Kant’s view in some sense that the mind which can apprehend time cannot be IN time itself, that can apprehend the succession of events cannot itself be IN the succession of events (the phenomena). This may not be right that Kant is saying this.  Neuroscientists would disagree.  I desperately need a book on “Kant and Contemporary Science,” to be able to interpret Kant according to contemporary neuroscience, Newton, Relativity Theory (for example relativistic concept of time) and Quantum Mechanics!  I can find NO SUCH BOOK!  Klaus and I should write it!  What do contemporary Psychophysical time perception studies say about time? In my own philosophy I contend that in one sense time is contained in the mind as Kant says or experience is contained in a framework that is given by the mind or brain which must exist prior to perceptions, but in another sense the mind is contained in time, we certainly have a flow of percepts which is a temporal succession which in many ways defines consciousness.  On the other hand, I see Kant’s point that our APPREHENSION of time cannot be contained in the succession of events, i.e., the mind has to have a temporal capability that preceeds the apprehension of a succession of events.  I have to think about this. If I want to be speculative I would say we are finite beings contained in space and time which have an extratemporal and extraspatial mind/brain component that preexists our apprehension of spatio-temporal events and successions. Also note science and Kant agree that there is no time sense organ, therefore time is not sensed as are visual objects and sounds.  Time perception in that sense is not sensual.  Empiricists would say time is perceived as an extraction from sensory input such as a series of visual inputs, whereas Kant says this isn’t how time is perceived.

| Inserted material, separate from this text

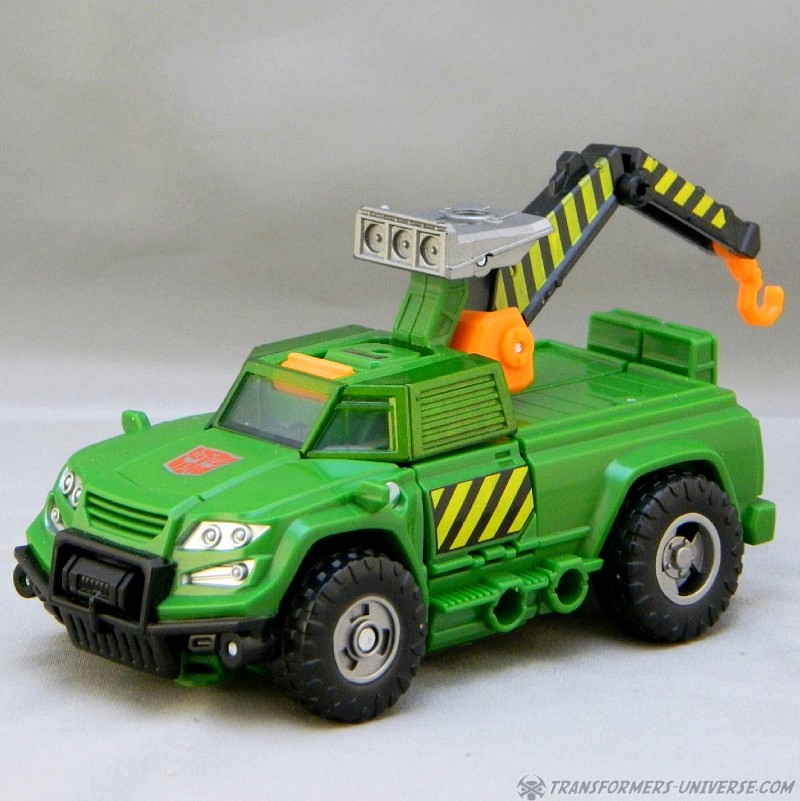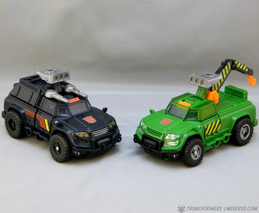 Bemerkungen: Thrilling 30 Hoist ist ein Retool von Thrilling 30 Trailcutter, den ich bereits rezensiert habe. Da Hoist und Trailbreaker ja bereits zu G1 Tagen Retools voneinander waren, macht es natürlich Sinn, dass es hier wieder so ist. Hoists neuer Kopf basiert auf seinem Aussehen in den IDW Comics. Der restliche Körper eher weniger, da er sich in den Comics nicht den gleichen Body mit Trailcutter teilt.

Time would be a good philosophical paper topic, as there are physical conceptions of time, and multiple ones like Newton’s versus Einstein’s and then there are the psychophysical and biological (neuroscientific) conceptions of time, and then there are the philosophical conceptions of time, as Kant’s.  How do these all relate and is there some common underlying conception that can be agreed upon?

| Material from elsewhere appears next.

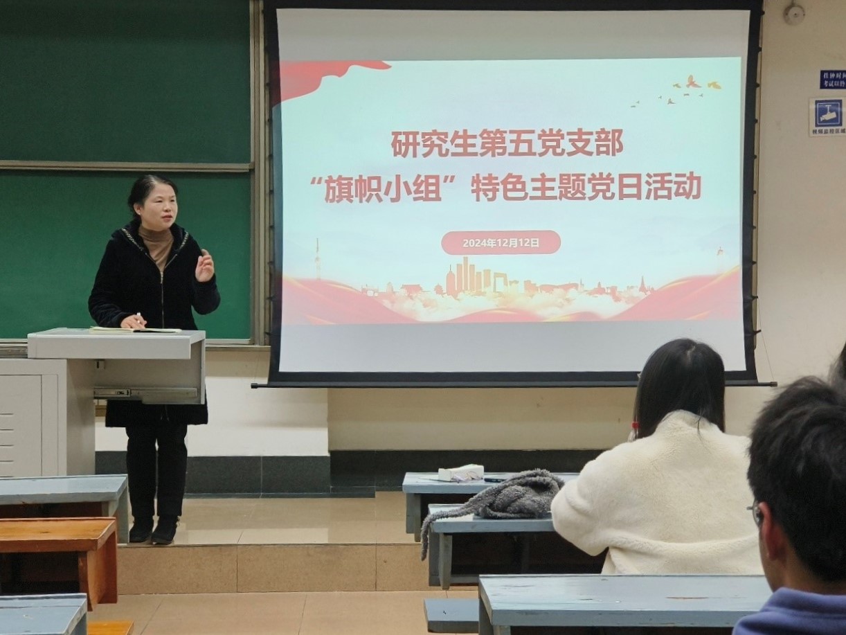 研究生第五党支部在九里校区4407B教室成功举办“旗帜小组”马克思主义理论学习活动。本次活动以“深入学习贯彻党的二十大精神及党的二十届三中全会精神”为主线,通过理论学习、成果分享和思想交流,引导研究生党员及群众深化对马克思主义理论的理解,凝聚奋进力量。

I am a Kantian to some extent but I also question Kant.  I do not believe man is just a rational creature that follows Reason (again I think Kant is just saying if we live properly we accord ourselves with Reason but that we are not always reasonable), man can be highly irrational, as I mentioned in my thesis, a study of subjective consciousness.  I am listening to the words of a song “I’d like to know, can you tell me, please don’t tell me, it really doesn’t matter anyhow.”  Does that sound like a mind that is based upon Kantian Reason? We are rational and irrational.  We are complex.  We are not exactly the creatures that Kant describes.  He is one of the greatest philosophical geniuses of all time, and said significant things about our perception of time, that there has to be something prior to experience that enables us to understand succession and simultaneity, a temporal facility.  Now this may be in the brain, and examining Kant’s theory of perception and the modern facts of neuroscience would be very interesting.

This was not a good presentation of Kant.  I need to rewrite this.  All Kant is talking about is time PERCEPTION.